1. ## Sequence and supremum

Suppose that S is a nonempty set of real numbers and that theta is an upper bound of S. Prove that the following conditions are equivalent:
(1) We have theta = Sup S.
(2) There exists a sequence (X sub n) in S such that (X sub n) approaches theta as n approaches infinity.

2. Originally Posted by Slazenger3
Suppose that S is a nonempty set of real numbers and that theta is an upper bound of S. Prove that the following conditions are equivalent:
(1) We have theta = Sup S.
(2) There exists a sequence (X sub n) in S such that (X sub n) approaches theta as n approaches infinity.
I disagree.

3. Originally Posted by Drexel28
I disagree.
I agree with Drexel. If you take a bounded sequence with a maximum and an infimum, then (1) does not imply (2).

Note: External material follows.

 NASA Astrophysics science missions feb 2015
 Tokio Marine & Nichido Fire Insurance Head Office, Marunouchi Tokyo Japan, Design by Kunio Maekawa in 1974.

In other words, if you choose a sequence such that you'll ever get sufficiently close $( < \varepsilon )$ to $\theta$ , the sequence cannot continue on until infinity. Or, if you choose a sequence that will continue on until infinity, it will always reside in the $\varepsilon$ -neighborhood of L.

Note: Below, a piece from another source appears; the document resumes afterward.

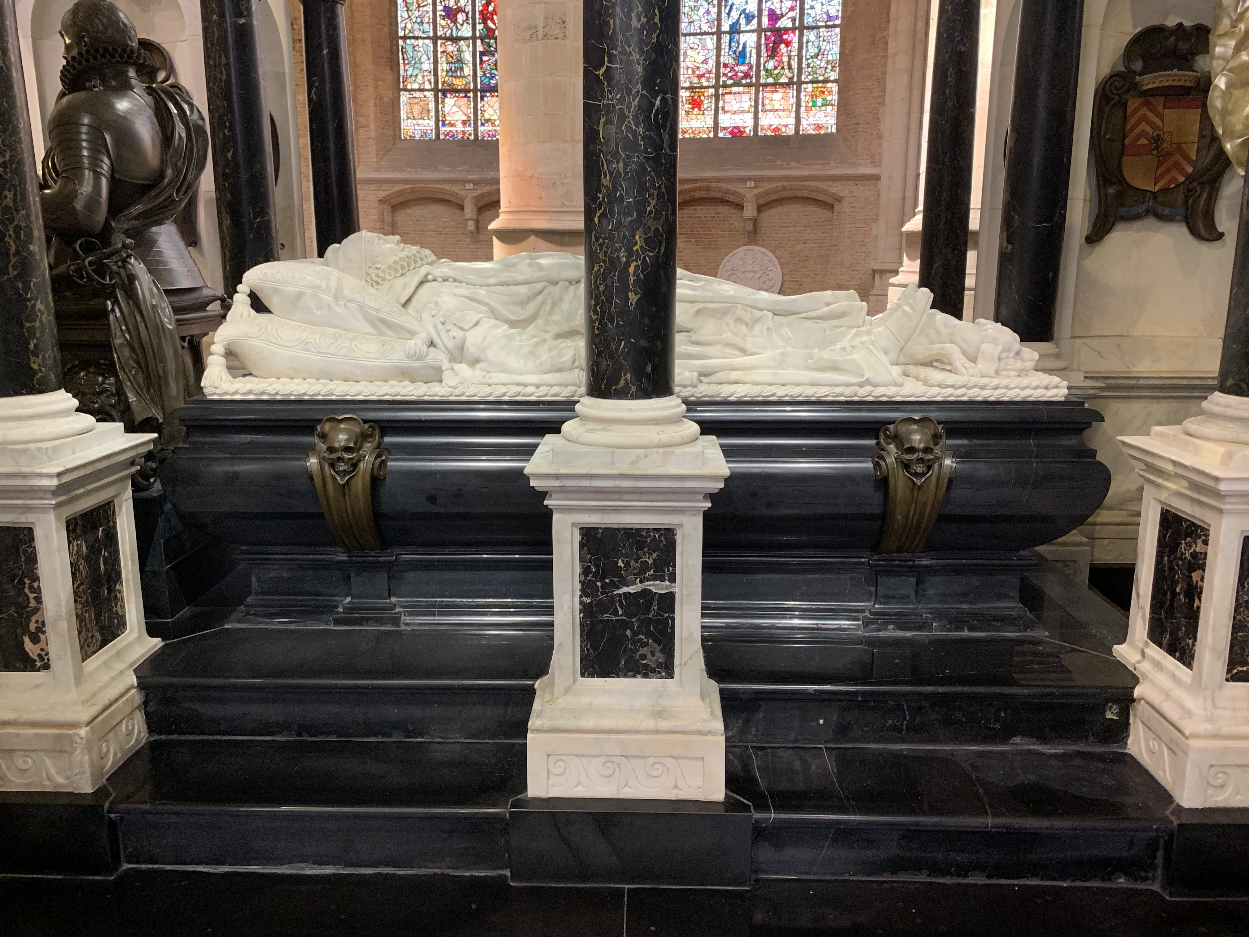 Tomb of William of Orange, William the Silent

4. 2 does not imply one. Consider $[0,1]=S$ and $x_n=\frac{1}{2}$. Then $\left\{x_n:n\in\mathbb{N}\right\}\subseteq S$ and $x_n\to\frac{1}{2}$ but surely $\frac{1}{2}\ne\sup\text{ }S$

5. Originally Posted by Drexel28
2 does not imply one. Consider $[0,1]=S$ and $x_n=\frac{1}{2}$. Then $\left\{x_n:n\in\mathbb{N}\right\}\subseteq S$ and $x_n\to\frac{1}{2}$ but surely $\frac{1}{2}\ne\sup\text{ }S$
There exists, not for all. This counterexample is false.

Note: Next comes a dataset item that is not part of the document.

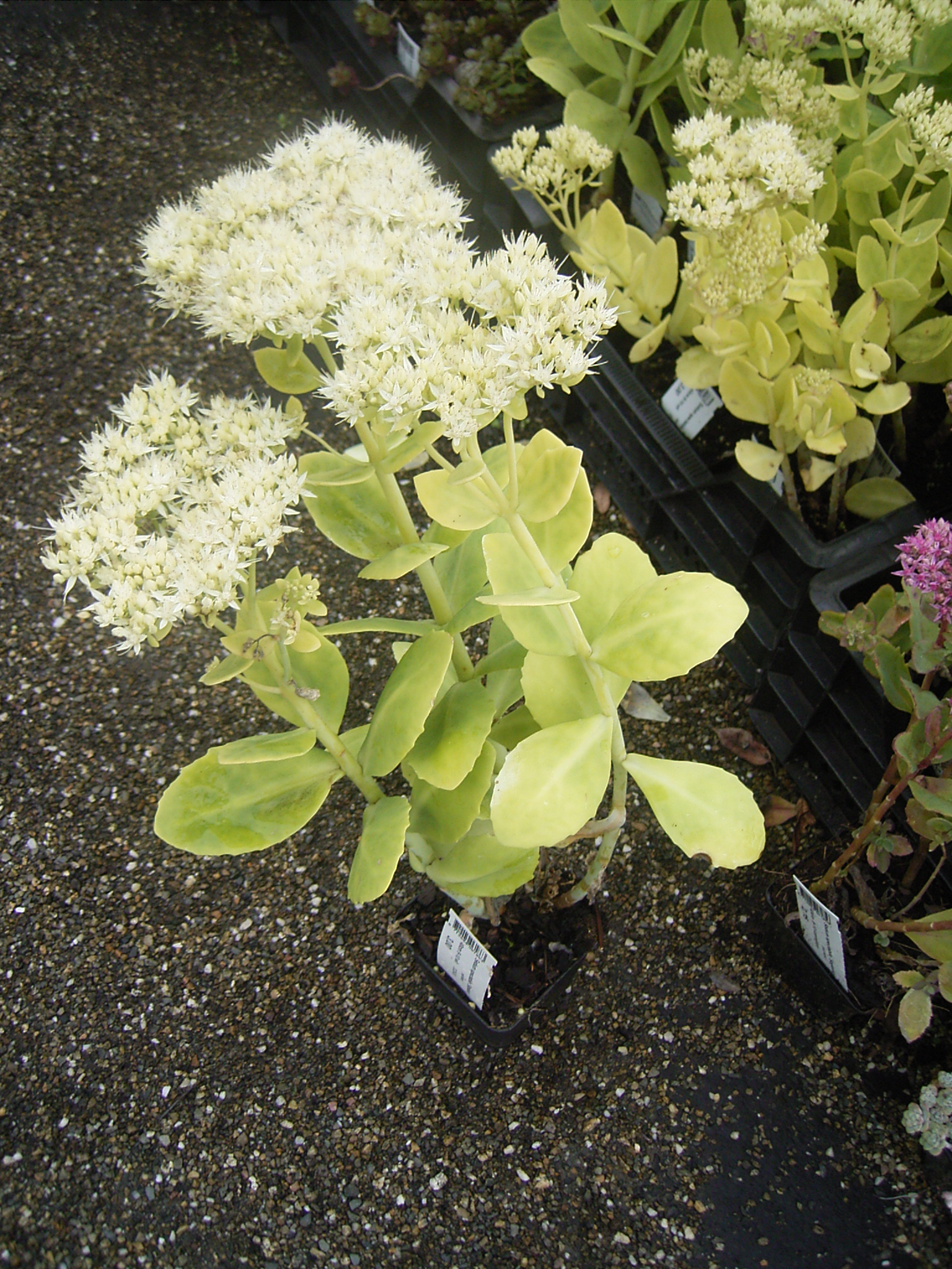 This photo shows Hylotelephium spectabile cv 'Stardust'

That is, there does exist a sequence in S, namely $(x_n) = 1 - \frac{1}{n}$, such that $(x_n) \to \theta$ . Now we must either prove that for any choice of S there exists a sequence like this, or that there exists an S for which no $(x_n)$ exists that implies (1)

6. Originally Posted by davismj
There exists, not for all. This counterexample is false.
What? 2 says that if I can find a sequence in $S$ whose limit is $\theta$ then $\theta=\sup\text{ }S$. How did my counterexample not work?

7. Originally Posted by Drexel28
What? 2 says that if I can find a sequence in $S$ whose limit is $\theta$ then $\theta=\sup\text{ }S$. How did my counterexample not work?
Yea, you're right. Somehow, I don't think that's what they meant, though.

8. Originally Posted by davismj
Yea, you're right. Somehow, I don't think that's what they meant, though.
Of course it's not what they meant. That doesn't mean we bear the burden of interpreting there obviously typo.